Amid layoffs, Microsofties reveal further turmoil in Redmond - timr
http://blog.seattlepi.com/microsoft/archives/213808.asp
======
InclinedPlane
Many of these complaints are the same reasons I left Microsoft about a year
ago. It's becoming less and less a place where good work is rewarded; where
engineering reality trumps corporate BS; where you feel empowered to make the
best products; where you look forward to spending time at work.

As more and more talented people are pushed out or leave, as the compensation
continues to stagnate, as the corporate culture continues to rot all of this
will snow-ball. People will find that they no longer enjoy work because all of
the good people on their team have left. They'll no longer be bound by MS's
golden handcuffs because their compensation won't be any better than a dozen
competing companies in the same city. Etc, etc, etc. Increasingly I get the
feeling that the exodus is just beginning from MS.

------
mikecane
The problem with Microsoft isn't a lack of bright talent. It's "Who's Next?"
People are jockeying for political positions, not concentrating on products.
Ballmer won't be there forever and everyone wants to be the next Ballmer. If
Steve Jobs passed away tomorrow, there could be similar jockeying at Apple --
we've already seen how product introductions lacking Jobs have been split up
among several people.
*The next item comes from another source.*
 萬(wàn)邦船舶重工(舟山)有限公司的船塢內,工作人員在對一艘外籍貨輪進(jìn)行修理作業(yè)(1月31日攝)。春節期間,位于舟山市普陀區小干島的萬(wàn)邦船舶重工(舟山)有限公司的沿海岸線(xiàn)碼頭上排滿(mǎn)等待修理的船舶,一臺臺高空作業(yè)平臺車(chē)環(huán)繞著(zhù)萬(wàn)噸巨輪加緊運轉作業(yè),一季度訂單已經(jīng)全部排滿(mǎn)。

We don't know how many of those people got the idea from
that experience that they could be "the next Jobs."

Jobs also once criticized company leadership in general (someone else can go
find this), stating that what happens after a founder leaves is that a
marketing person ascends to the top -- and he pointed to Ballmer as an
example. It's interesting to note that Palm began to sink also when a
marketing person was leading it -- Ed Colligan.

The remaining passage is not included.